# Need soap planer/beveler - any suggestions?



## grammy1954

I am trying to find a good planer/beveler for a decent price. I am not getting good results with online search.  Each time I find something the complany is out of stock or out of business. Any suggestions?


----------



## tlm884

Just a thought would a mandoline food slicer work?


----------



## paillo

i've heard rave reviews about this one, but it's a little spendy. http://www.lotioncrafter.com/best-ever- ... eller.html

i've been using a carpenter's mini-planer from lowes or ace hardware. it's about $8 and a dandy little tool - can adjust the thickness of your bevel. only downside is it rusts after about 6 months. but at that price i just replace when it starts to get icky...


----------



## grammy1954

Thanks!  I had not thought of either of these alternatives, but will try.  I appreciate your responses.


----------



## Soapy Gurl

I was just going to ask this question!  I am glad to see it.  I also wondered if I could make one.  I have seen them with paint scrapers as the cutter.  But the carpenters tool is a great idea!


----------



## DottieF.

I use this for beveling the edges. Mine is the 1/16".

http://www.leevalley.com/US/wood/page.aspx?cat=1,230,41182,41200&p=45501


----------



## Soaplady22

Mine came from here:

http://www.forcraftssake.com/shop/index ... 8b7d20e961

Works great for small bevels. For bigger cuts and shaving off an edge (like for ash) try this one:

http://www.soap-making-resource.com/soap-beveler.html

They have great reviews and are still in business!!


----------



## IrishLass

paillo said:
			
		

> i've heard rave reviews about this one, but it's a little spendy. http://www.lotioncrafter.com/best-ever- ... eller.html



I have that one, but it is not a planer, just a beveler (but a very nice one, though. I found the outstanding quality of it to be worth the price). 

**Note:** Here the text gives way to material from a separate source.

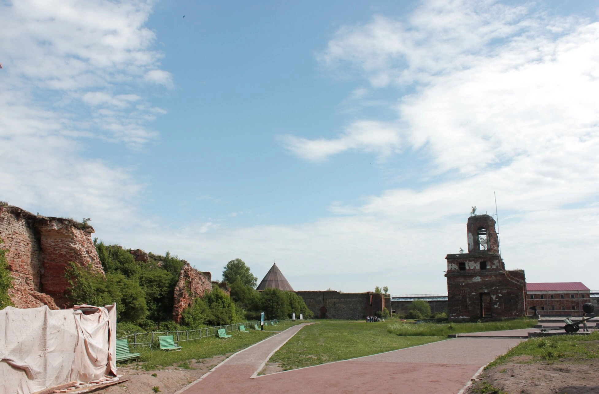 В центре внимания, справа, находятся сохранившиеся руины Церкви Рождества Святого Иоанна Предтечи. Храм сей был возведён в 1826 году при тюремном замке внутри крепости и освящён в честь великого пророка, Предтечи и Крестителя Господня Иоанна. Его стены, ныне скорбно безмолвствующие, некогда слышали молитвы узников и благоговейные песнопения. В советское время храм, как и многие святыни, был осквернён и разрушен, оставив после себя лишь фрагменты стен как напоминание о бренности земного и вечности горнего.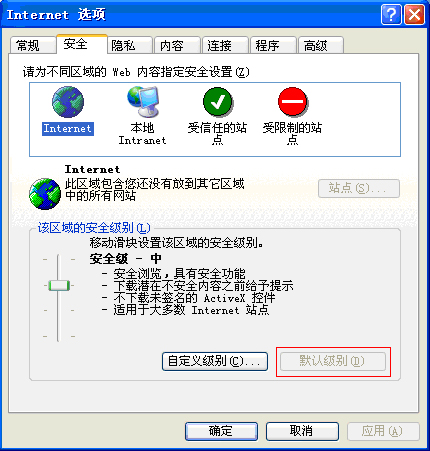 2、在彈出的窗口中選擇“安全”選項卡,點擊窗口右下方的“默認級別”按鈕,后單擊“確定”按鈕。如圖2-11:

If you want something that planes _and_ bevels, I just recently purchased this one about a month or so ago:

http://www.soap-making-resource.com/soap-beveler.html

I was kind of hesitant to buy it at first because it's made of 100% acrylic, which means no replacement blades and no way to sharpen it (that I know of), but like you, I was having no luck finding any US suppliers that were still selling a planer or had not gone out of business, etc.., and was I getting desperate.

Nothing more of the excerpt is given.